**Instructions to follow:** Transcribe word for word the section of the records below that opens with the line containing "ると、推しがいない層は「5." and closes with the line containing "Op. 09 CLAWED MELTED DENIM PANTS BLACK"; drop every picture.
Start of Listed records
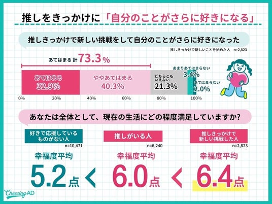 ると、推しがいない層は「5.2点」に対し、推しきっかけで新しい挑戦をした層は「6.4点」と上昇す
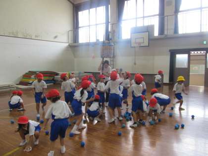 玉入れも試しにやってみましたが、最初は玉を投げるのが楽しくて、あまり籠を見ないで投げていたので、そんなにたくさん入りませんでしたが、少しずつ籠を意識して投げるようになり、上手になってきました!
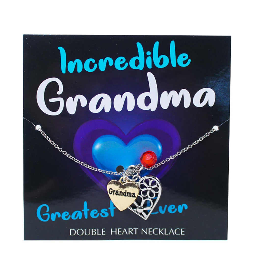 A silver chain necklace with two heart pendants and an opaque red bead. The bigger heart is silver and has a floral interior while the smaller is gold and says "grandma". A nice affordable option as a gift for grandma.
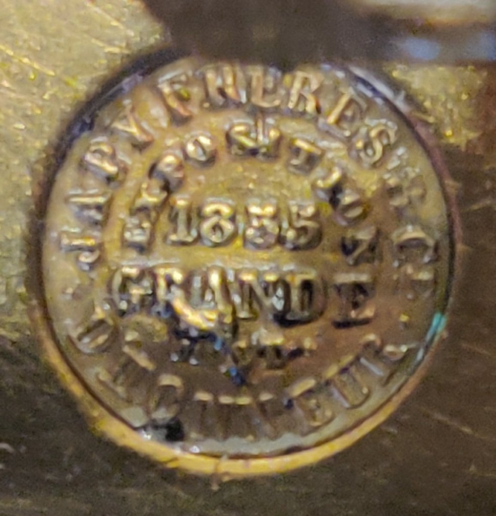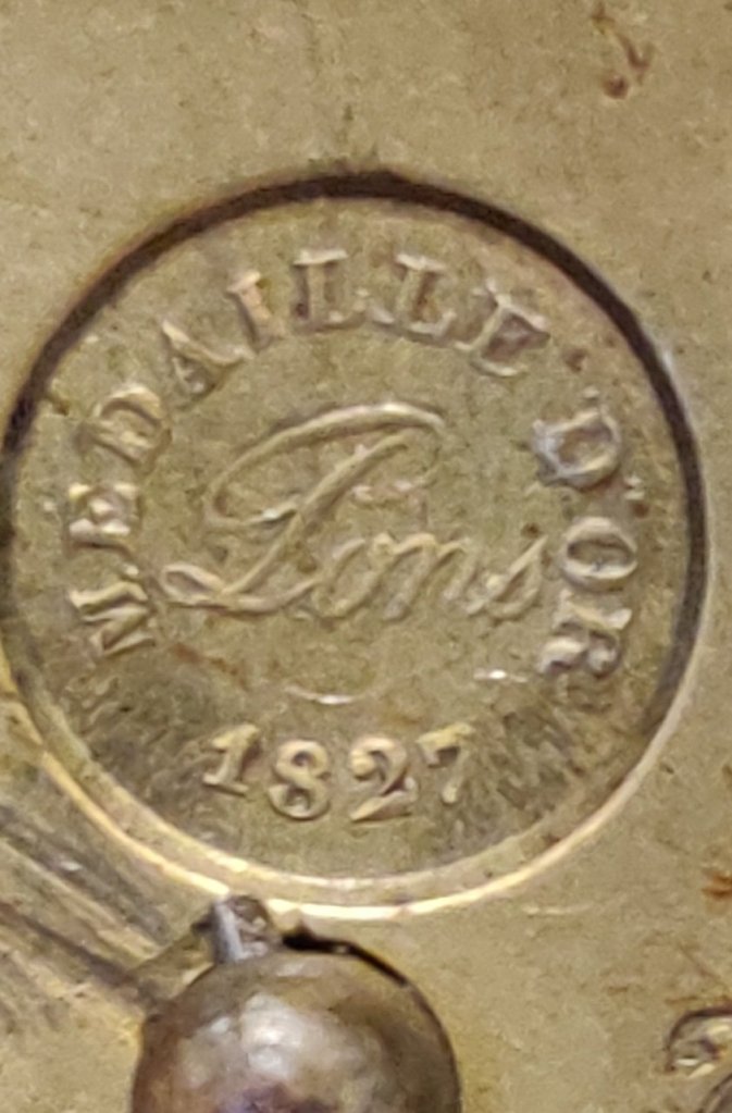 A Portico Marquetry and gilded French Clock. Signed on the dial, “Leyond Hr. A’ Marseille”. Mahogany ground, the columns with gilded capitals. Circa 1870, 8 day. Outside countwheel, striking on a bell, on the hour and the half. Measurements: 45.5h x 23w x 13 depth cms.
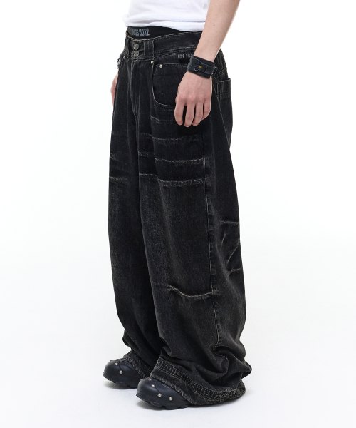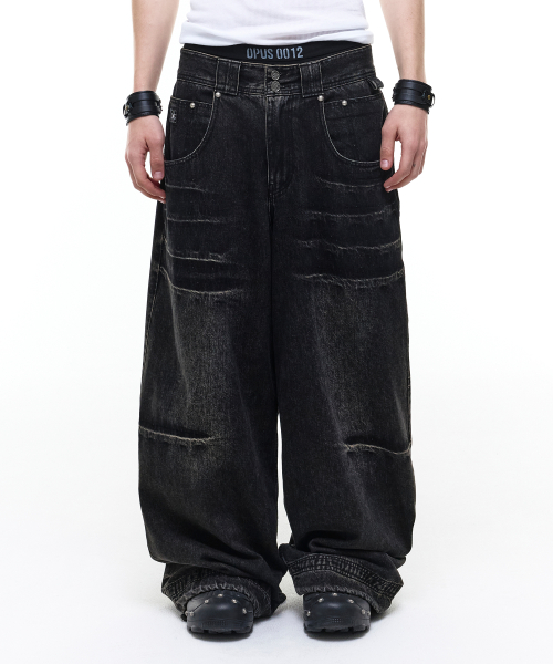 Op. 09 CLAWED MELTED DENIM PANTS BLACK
End of Listed records
Start of Listed records
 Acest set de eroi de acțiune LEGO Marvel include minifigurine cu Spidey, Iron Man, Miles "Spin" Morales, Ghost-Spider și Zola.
End of Listed records
**Output for this task:**
 ると、推しがいない層は「5.2点」に対し、推しきっかけで新しい挑戦をした層は「6.4点」と上昇す
 玉入れも試しにやってみましたが、最初は玉を投げるのが楽しくて、あまり籠を見ないで投げていたので、そんなにたくさん入りませんでしたが、少しずつ籠を意識して投げるようになり、上手になってきました!
 A silver chain necklace with two heart pendants and an opaque red bead. The bigger heart is silver and has a floral interior while the smaller is gold and says "grandma". A nice affordable option as a gift for grandma.
 A Portico Marquetry and gilded French Clock. Signed on the dial, “Leyond Hr. A’ Marseille”. Mahogany ground, the columns with gilded capitals. Circa 1870, 8 day. Outside countwheel, striking on a bell, on the hour and the half. Measurements: 45.5h x 23w x 13 depth cms.
 Op. 09 CLAWED MELTED DENIM PANTS BLACK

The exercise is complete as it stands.